Вел<икую> Княгиню — одну из самых прекрасных женщин — не щадила и клевета. О ней, как и о всех Высочайших, было принято распускать были и небылицы. Такие приемы не были почтенны, но они достигали своей цели. Сами же оклеветанные были в таких случаях совершенно беспомощны.

Приведу лишь один случай, невероятно наивный, но умело пущенный в годы войны. Пользуясь тем, что Вел<икая> Кня<гиня> была по рождению немка, тысячеустная молва разнесла, что на Ордынке бывает с какими-то целями ее брат — Великий Герцог Гессенский. Видеться со своей сестрой Герцог приходил по потаенному подземному ходу, проведенному от места его жительства — в Нескучном. Как это ни было безумно нелепо, многие все же этому верили.

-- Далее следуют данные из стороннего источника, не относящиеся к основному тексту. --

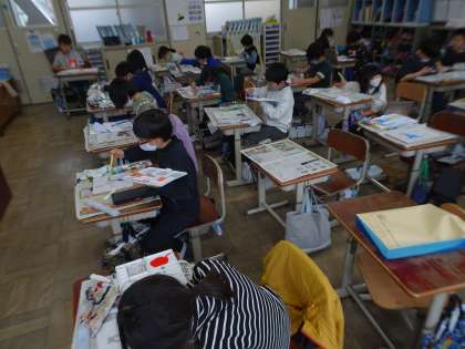 久しぶりの絵の具の時間でした。色混ぜがずいぶん上手になりました。自分が求めている色に近づいて思わず「やった!」とつぶやく子もいました。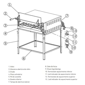 DESCRIÇÃO DO FORNO INDUSTRAL REFRATÁRIO 220V - Com cavalete desmontável, sapatas plásticas, gaveta móvel, placas refratárias, termômetro para controle de temperatura e porta tipo guilhotina; - Aço inox escovado; - Visores de vidro temperado; - Câmara interna com suportes para dois níveis de altura.

Обо всех таких случаях Вел<икая> Кн<ягиня> знала. Нечего говорить, как было ей больно, но она знала и то, что такова «завидная» доля людей с ее положением. Крест свой она пронесла терпеливо, с великим смирением через всю свою жизнь.

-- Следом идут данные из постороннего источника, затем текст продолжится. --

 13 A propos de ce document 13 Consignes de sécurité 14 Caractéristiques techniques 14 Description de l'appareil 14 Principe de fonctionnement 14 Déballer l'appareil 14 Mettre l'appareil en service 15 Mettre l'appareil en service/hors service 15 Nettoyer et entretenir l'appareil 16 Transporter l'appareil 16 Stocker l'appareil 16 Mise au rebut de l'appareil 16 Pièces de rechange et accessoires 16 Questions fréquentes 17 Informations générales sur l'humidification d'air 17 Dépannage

О себе Вел<икая> Кня<гиня> была самого скромного мнения. Она говорила, что роль свою в жизни, свои силы знает, их не преувеличивает, на крупное не претендует. Говорила, что «ум ее не создан для больших дел, но у нее есть сердце, и его она может и хочет отдать людям и отдать без остатка»… И действительно, имея большое, умное сердце, она была в жизни больше Марией, чем Марфой.

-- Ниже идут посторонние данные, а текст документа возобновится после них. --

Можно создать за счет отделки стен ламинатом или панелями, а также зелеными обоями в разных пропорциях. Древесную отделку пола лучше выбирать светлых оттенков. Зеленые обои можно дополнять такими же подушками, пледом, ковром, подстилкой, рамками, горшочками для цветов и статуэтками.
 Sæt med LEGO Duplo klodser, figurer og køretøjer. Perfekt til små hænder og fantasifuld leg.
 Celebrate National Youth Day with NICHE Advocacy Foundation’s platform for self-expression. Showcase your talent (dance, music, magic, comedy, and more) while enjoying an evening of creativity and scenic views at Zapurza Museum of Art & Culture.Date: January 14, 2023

Лишь однажды мне пришлось видеть Вел<икую> Княгиню взволнованной, гневной. Наступали так называемые Овручские торжества. В присутствии Государя предстояло освящение древнего храма, реставрированного Щусевым[422]. На торжество должна была поехать и Вел<икая> Княгиня. Как-то она была в церкви, о чем-то говорила со мной, как явился прямо из Овруча Щусев. Стали говорить о предстоящих торжествах. Щусев осведомился, предполагает ли В<еликая> Княгиня быть на них. Она отвечала, что еще не решила. Она слышала, что наплыв паломников будет так велик, что не хватит для всех помещения. — «Ну, Ваше Высочество, Вы только скажите, — мы выгоним монахов из их келий и устроим Вас шикарно». Сказано это было с бесподобной хвастливой наивностью человека власть имущего…

Но не успел наш Алексей Викторович и окончить своих слов, как щеки Великой Княгини стали алыми, глаза сверкнули. Она, постоянно сдержанная, ласковая, резко сказала, что если еще и колебалась, ехать или не ехать, то сейчас колебаний нет. В Овруче она не будет. Она не хочет, чтобы ради нее выгоняли кого-либо из келий, что комфорт она знает с детства, жизнь во дворцах знает… Говорила Вел<икая> Княгиня быстро, горячо, не переводя дух. — Она не смогла скрыть своего возмущения.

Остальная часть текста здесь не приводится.